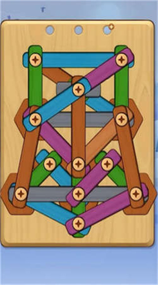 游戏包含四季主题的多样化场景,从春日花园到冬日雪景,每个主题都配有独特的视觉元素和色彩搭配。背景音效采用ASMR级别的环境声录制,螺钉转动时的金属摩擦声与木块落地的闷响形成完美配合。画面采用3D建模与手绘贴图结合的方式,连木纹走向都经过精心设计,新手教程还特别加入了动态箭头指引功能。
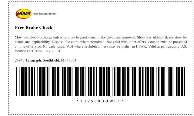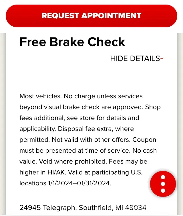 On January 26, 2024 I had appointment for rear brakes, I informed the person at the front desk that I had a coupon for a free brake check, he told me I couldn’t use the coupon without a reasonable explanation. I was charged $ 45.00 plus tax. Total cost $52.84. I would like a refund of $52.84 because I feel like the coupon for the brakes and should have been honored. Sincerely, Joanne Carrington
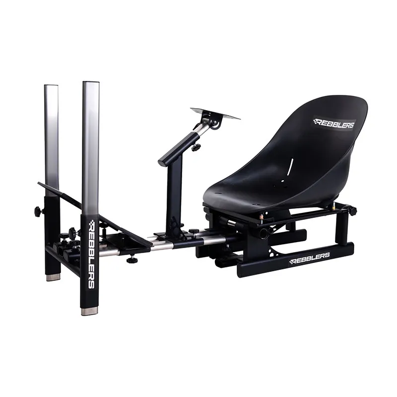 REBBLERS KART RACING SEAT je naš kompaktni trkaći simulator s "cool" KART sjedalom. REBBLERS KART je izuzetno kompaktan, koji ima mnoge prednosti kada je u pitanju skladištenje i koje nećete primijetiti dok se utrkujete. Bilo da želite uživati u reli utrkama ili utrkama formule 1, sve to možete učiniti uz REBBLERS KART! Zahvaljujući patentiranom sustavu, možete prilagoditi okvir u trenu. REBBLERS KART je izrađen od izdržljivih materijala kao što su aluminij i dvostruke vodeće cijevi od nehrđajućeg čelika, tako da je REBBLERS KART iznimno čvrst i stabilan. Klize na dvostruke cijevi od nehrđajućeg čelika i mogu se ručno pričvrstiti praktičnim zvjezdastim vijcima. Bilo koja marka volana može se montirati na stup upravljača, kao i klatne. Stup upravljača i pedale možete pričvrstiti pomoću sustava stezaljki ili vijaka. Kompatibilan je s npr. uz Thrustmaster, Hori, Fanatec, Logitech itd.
+++
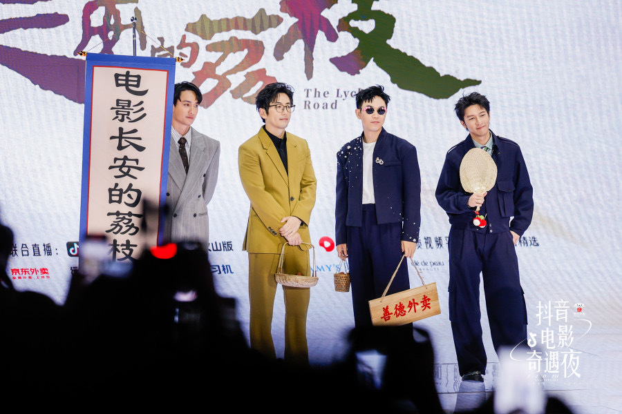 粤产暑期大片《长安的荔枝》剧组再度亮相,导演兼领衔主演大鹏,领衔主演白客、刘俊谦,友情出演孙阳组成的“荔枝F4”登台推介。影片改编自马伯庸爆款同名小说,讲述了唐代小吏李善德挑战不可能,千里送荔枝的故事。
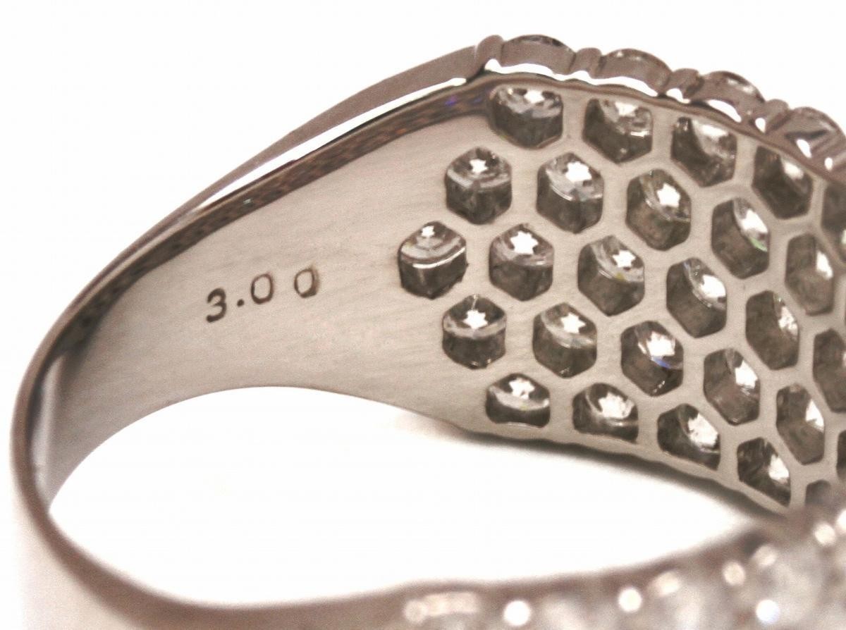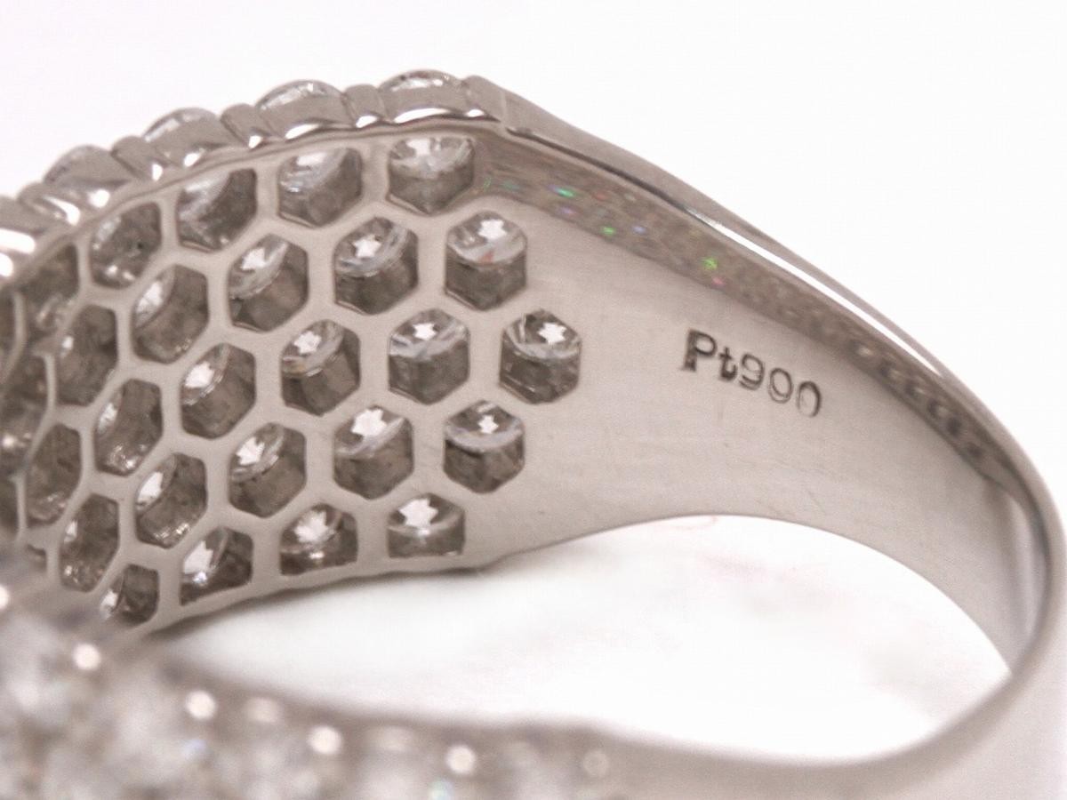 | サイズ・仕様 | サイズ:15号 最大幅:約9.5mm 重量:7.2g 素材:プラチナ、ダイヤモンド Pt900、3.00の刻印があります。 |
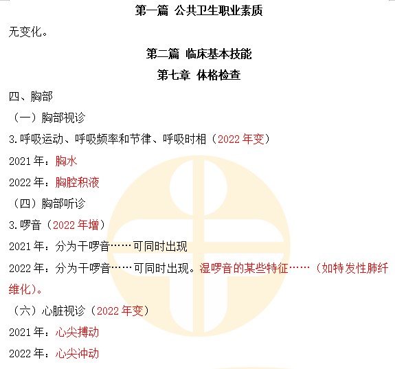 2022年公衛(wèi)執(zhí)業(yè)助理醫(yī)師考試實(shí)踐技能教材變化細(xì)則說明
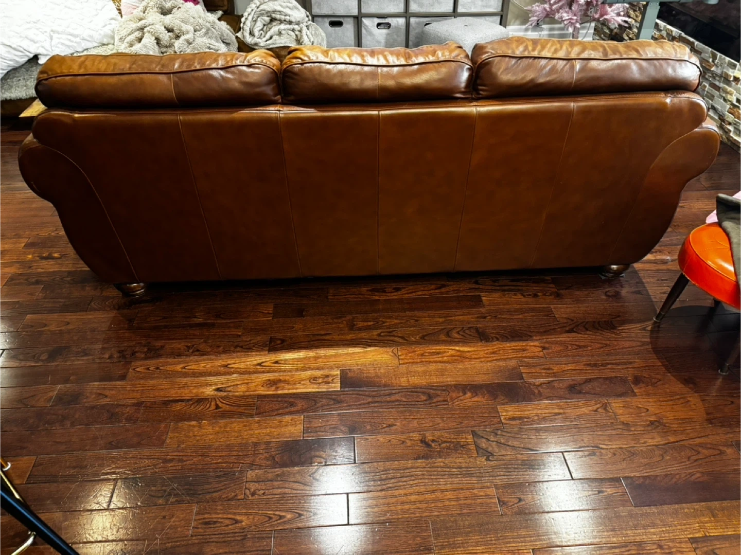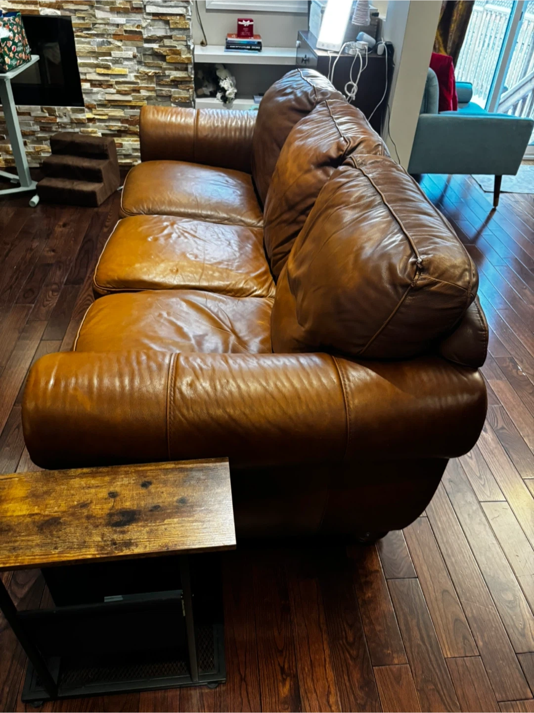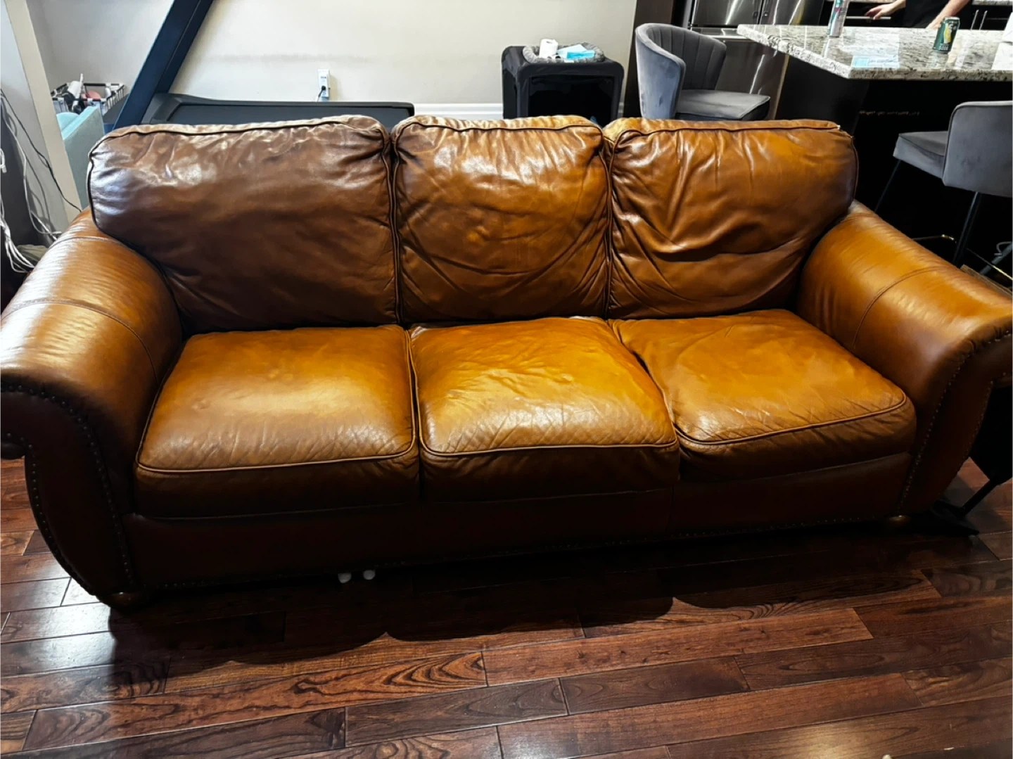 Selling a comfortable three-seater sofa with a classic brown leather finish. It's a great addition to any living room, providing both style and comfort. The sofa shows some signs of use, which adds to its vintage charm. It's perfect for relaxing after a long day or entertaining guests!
+++
• WHAT YOU NEED TO DO
Reproduce exactly the lines above starting at the line containing "游戏包含四季主题的多样化场景" and ending at the line containing "On January 26, 2024", including both, but not the pictures.

• RESPONSE
 游戏包含四季主题的多样化场景,从春日花园到冬日雪景,每个主题都配有独特的视觉元素和色彩搭配。背景音效采用ASMR级别的环境声录制,螺钉转动时的金属摩擦声与木块落地的闷响形成完美配合。画面采用3D建模与手绘贴图结合的方式,连木纹走向都经过精心设计,新手教程还特别加入了动态箭头指引功能。
 On January 26, 2024 I had appointment for rear brakes, I informed the person at the front desk that I had a coupon for a free brake check, he told me I couldn’t use the coupon without a reasonable explanation. I was charged $ 45.00 plus tax. Total cost $52.84. I would like a refund of $52.84 because I feel like the coupon for the brakes and should have been honored. Sincerely, Joanne Carrington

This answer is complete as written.